How to complete this task -> For the data below, transcribe the part that opens with the line containing "Этот экземпляр C6" and closes with the line containing "LG 9 Kg, 5 Star, AI", exactly and with no pictures.

Data extracts ->
◆ ◆ ◆ ◆
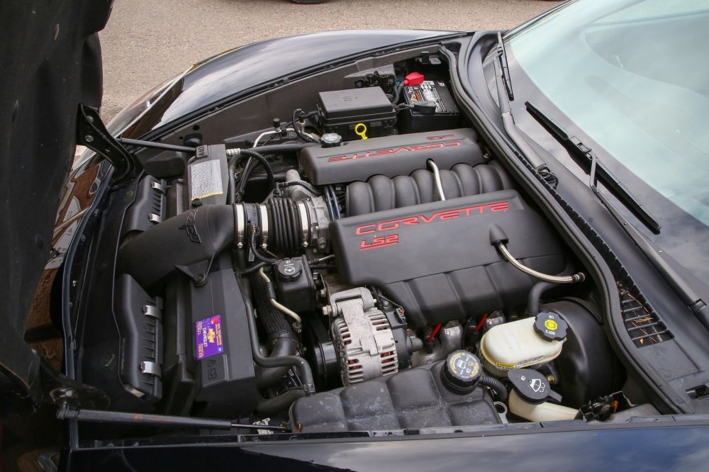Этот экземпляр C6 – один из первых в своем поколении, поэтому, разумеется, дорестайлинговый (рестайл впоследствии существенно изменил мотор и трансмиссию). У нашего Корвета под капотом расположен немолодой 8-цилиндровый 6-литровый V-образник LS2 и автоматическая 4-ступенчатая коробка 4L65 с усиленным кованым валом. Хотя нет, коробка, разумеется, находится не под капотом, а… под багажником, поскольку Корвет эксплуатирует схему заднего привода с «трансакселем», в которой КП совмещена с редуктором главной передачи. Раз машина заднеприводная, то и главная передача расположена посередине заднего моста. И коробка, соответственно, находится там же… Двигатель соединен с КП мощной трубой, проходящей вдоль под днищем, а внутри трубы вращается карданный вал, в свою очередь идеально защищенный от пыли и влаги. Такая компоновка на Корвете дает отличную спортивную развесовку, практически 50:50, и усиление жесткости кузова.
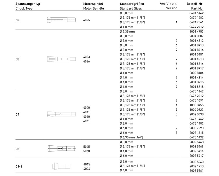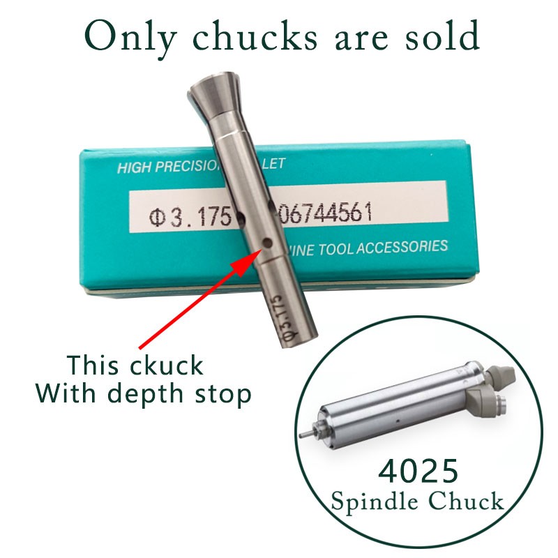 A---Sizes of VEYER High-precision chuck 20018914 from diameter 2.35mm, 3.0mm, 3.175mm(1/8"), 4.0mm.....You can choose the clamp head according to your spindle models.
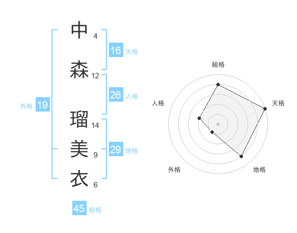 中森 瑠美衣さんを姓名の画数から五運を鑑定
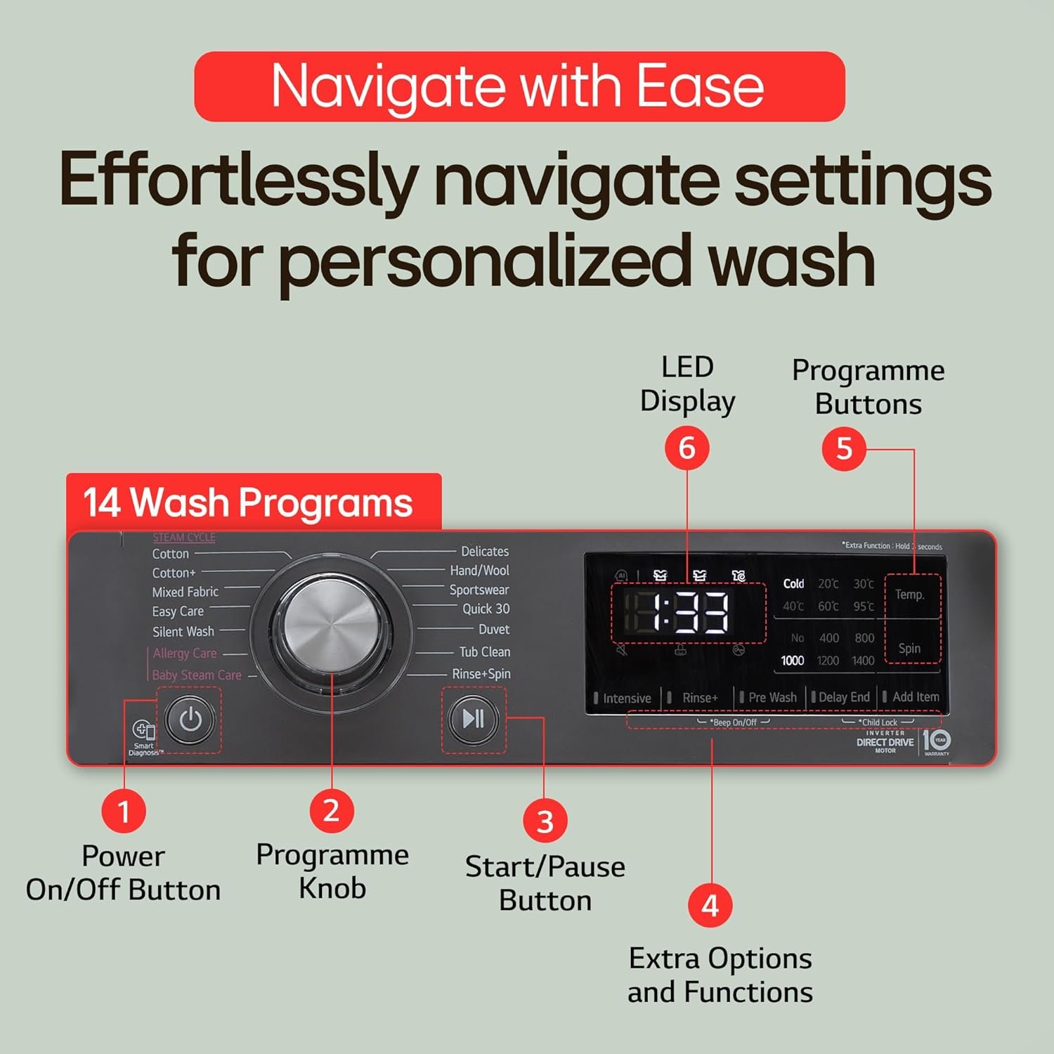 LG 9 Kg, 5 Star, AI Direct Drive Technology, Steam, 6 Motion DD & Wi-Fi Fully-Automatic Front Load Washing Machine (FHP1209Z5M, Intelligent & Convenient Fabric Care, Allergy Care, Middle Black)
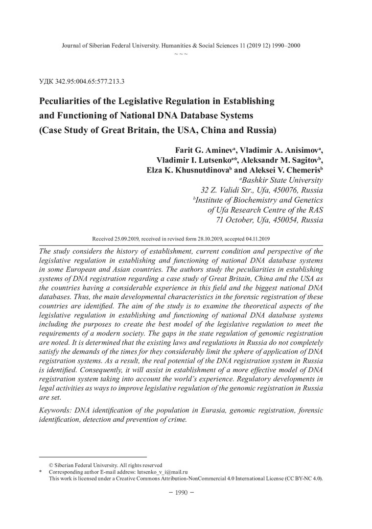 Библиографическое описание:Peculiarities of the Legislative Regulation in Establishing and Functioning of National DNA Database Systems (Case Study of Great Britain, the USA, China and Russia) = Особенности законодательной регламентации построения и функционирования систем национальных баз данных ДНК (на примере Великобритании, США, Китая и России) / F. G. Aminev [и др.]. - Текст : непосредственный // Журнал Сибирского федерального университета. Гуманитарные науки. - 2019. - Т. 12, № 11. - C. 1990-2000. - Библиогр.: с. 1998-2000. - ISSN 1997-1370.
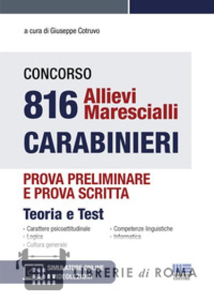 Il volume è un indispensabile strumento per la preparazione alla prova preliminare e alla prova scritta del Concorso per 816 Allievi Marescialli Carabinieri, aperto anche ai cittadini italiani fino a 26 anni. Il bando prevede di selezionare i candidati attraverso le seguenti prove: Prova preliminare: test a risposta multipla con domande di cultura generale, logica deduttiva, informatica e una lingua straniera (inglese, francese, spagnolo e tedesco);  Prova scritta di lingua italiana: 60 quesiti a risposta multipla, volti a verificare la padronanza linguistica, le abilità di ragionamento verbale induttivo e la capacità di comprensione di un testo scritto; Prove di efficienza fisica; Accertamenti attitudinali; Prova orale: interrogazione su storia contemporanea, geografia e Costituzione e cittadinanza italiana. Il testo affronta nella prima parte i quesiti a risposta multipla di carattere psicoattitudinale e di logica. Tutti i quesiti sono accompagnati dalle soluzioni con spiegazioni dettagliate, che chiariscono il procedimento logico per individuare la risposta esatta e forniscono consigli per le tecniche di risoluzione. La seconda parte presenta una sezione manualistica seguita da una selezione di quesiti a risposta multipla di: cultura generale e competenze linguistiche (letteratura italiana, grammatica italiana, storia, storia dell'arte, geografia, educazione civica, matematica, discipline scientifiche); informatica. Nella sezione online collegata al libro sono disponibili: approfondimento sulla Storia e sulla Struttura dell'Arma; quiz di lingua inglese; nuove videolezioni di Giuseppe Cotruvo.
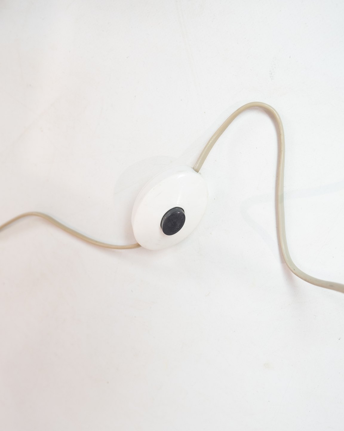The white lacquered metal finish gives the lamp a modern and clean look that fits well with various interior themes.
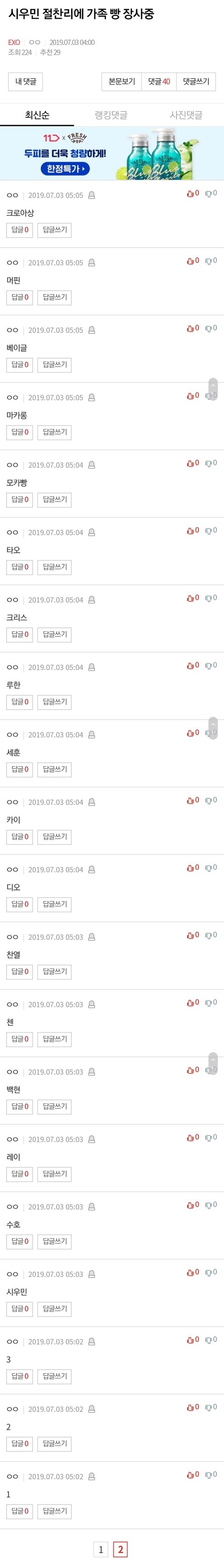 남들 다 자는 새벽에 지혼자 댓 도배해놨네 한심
◆ ◆ ◆ ◆
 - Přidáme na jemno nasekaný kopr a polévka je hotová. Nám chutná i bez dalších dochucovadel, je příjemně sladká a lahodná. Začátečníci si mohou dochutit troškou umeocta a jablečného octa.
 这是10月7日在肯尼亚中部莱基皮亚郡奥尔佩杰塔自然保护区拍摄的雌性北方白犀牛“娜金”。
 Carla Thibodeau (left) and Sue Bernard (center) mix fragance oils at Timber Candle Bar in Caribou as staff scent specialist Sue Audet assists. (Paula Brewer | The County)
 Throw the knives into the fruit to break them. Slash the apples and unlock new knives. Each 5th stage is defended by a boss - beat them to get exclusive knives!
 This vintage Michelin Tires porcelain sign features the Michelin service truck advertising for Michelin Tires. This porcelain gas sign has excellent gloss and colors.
◆ ◆ ◆ ◆
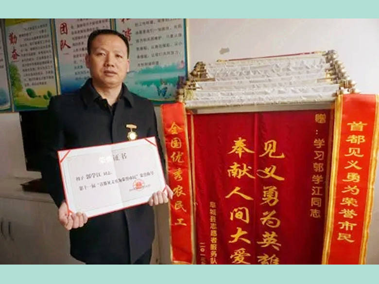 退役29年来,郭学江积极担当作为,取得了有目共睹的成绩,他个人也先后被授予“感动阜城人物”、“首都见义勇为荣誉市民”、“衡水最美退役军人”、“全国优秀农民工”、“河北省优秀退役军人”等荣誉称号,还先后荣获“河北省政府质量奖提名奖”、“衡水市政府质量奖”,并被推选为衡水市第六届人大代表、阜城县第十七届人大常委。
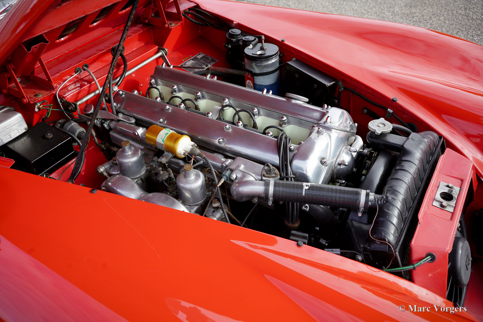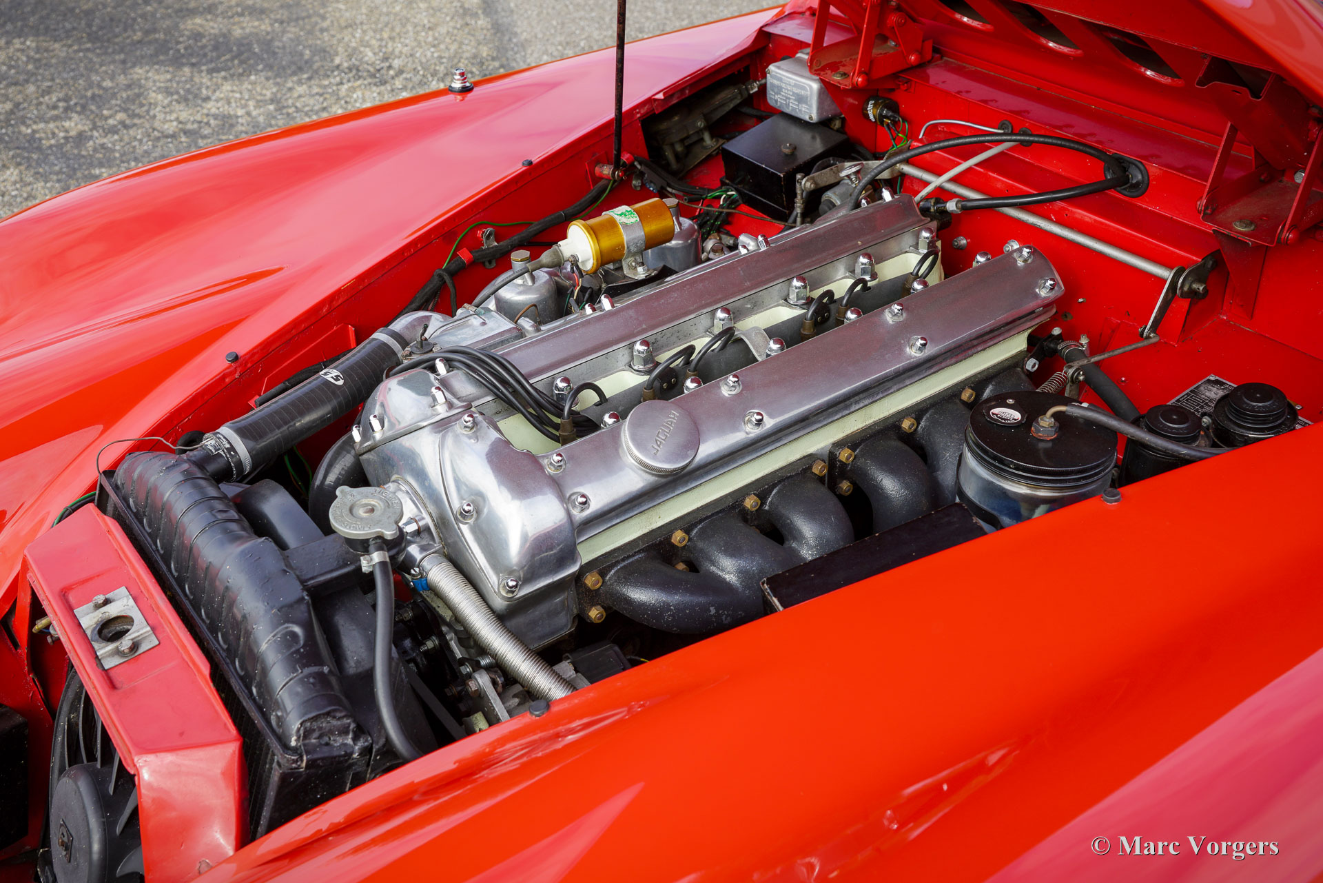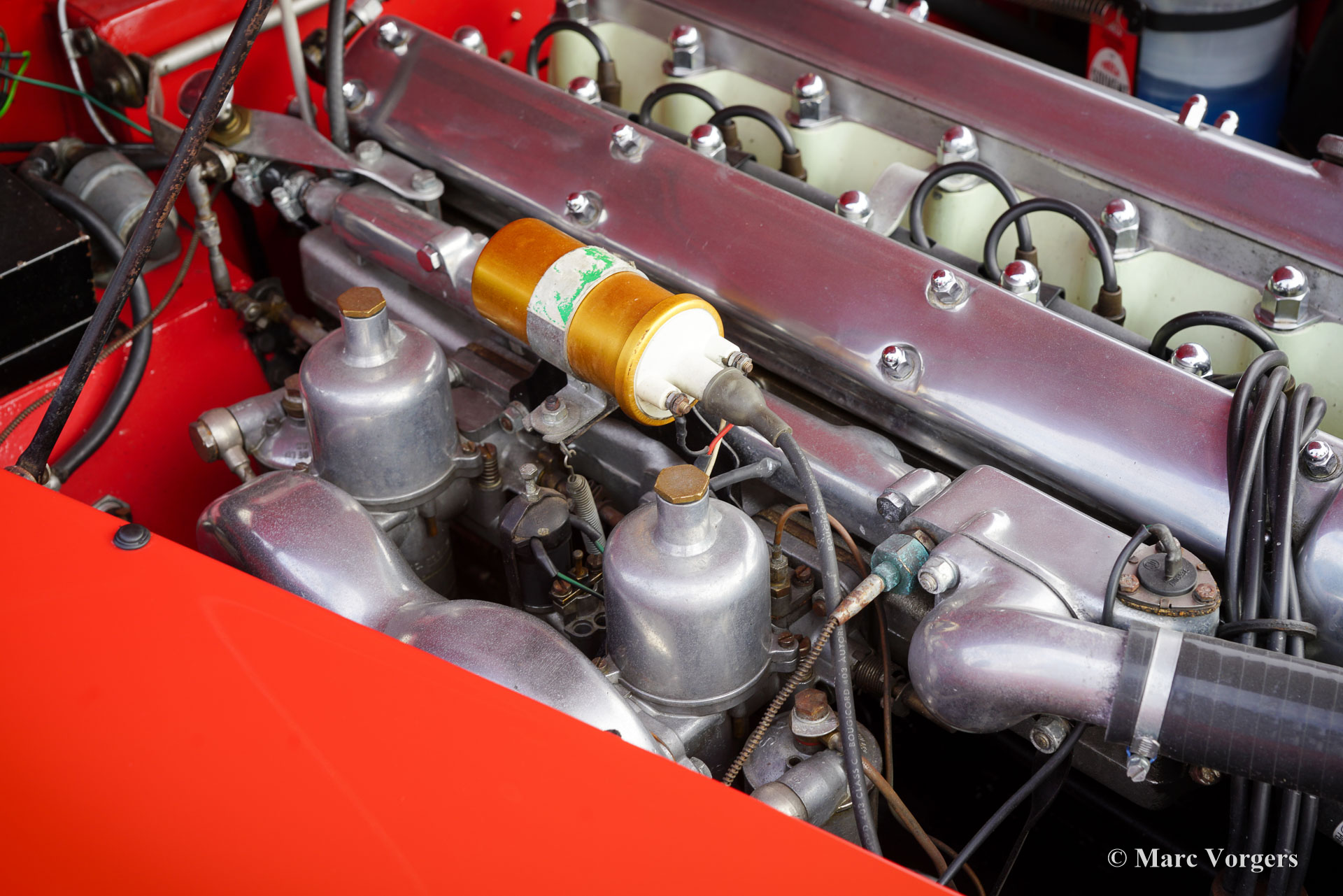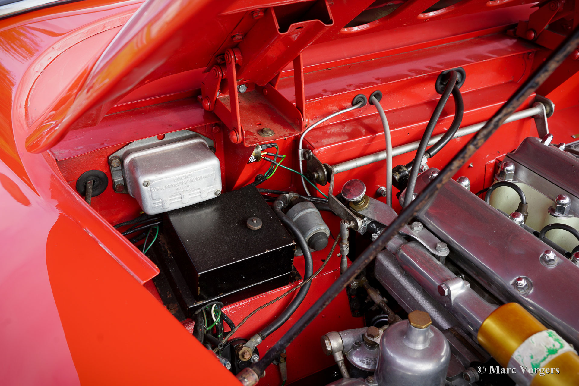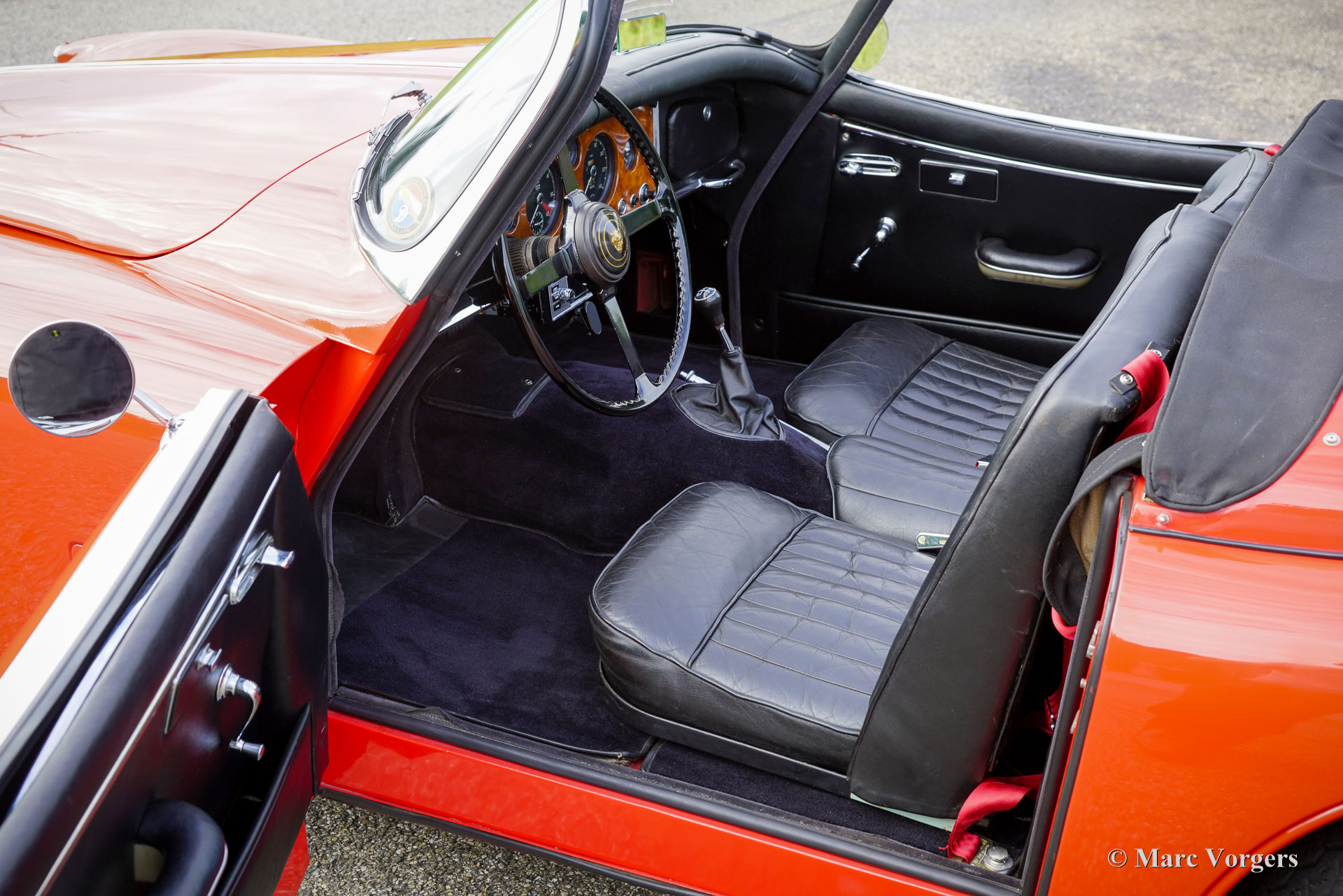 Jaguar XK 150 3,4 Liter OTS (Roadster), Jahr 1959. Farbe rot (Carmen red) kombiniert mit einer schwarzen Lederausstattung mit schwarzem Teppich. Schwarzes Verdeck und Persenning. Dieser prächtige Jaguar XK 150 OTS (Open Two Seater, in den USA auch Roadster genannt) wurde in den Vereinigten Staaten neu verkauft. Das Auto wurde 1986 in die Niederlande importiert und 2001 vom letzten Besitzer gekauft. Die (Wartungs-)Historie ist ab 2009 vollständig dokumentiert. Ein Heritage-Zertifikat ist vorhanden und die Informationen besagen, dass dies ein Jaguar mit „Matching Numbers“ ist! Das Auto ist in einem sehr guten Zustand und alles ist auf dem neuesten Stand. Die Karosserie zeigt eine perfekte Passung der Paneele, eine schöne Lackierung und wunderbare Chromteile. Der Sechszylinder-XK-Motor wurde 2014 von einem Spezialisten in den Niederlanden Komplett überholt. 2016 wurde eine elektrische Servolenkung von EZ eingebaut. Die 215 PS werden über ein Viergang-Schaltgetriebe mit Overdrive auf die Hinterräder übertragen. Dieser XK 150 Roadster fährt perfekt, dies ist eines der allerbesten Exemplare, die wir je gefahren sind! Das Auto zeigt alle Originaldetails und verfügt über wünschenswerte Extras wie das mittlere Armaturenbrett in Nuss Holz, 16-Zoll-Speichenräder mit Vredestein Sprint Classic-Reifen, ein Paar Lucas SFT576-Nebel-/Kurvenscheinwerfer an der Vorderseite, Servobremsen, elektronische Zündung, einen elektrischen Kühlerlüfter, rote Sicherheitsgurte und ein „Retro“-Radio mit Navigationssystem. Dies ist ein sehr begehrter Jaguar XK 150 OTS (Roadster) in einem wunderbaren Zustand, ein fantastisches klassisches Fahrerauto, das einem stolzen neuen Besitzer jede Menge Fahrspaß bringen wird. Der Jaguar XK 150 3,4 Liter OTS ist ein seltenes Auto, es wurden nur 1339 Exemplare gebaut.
◆ ◆ ◆ ◆
Answer ->
Этот экземпляр C6 – один из первых в своем поколении, поэтому, разумеется, дорестайлинговый (рестайл впоследствии существенно изменил мотор и трансмиссию). У нашего Корвета под капотом расположен немолодой 8-цилиндровый 6-литровый V-образник LS2 и автоматическая 4-ступенчатая коробка 4L65 с усиленным кованым валом. Хотя нет, коробка, разумеется, находится не под капотом, а… под багажником, поскольку Корвет эксплуатирует схему заднего привода с «трансакселем», в которой КП совмещена с редуктором главной передачи. Раз машина заднеприводная, то и главная передача расположена посередине заднего моста. И коробка, соответственно, находится там же… Двигатель соединен с КП мощной трубой, проходящей вдоль под днищем, а внутри трубы вращается карданный вал, в свою очередь идеально защищенный от пыли и влаги. Такая компоновка на Корвете дает отличную спортивную развесовку, практически 50:50, и усиление жесткости кузова.
 A---Sizes of VEYER High-precision chuck 20018914 from diameter 2.35mm, 3.0mm, 3.175mm(1/8"), 4.0mm.....You can choose the clamp head according to your spindle models.
 中森 瑠美衣さんを姓名の画数から五運を鑑定
 LG 9 Kg, 5 Star, AI Direct Drive Technology, Steam, 6 Motion DD & Wi-Fi Fully-Automatic Front Load Washing Machine (FHP1209Z5M, Intelligent & Convenient Fabric Care, Allergy Care, Middle Black)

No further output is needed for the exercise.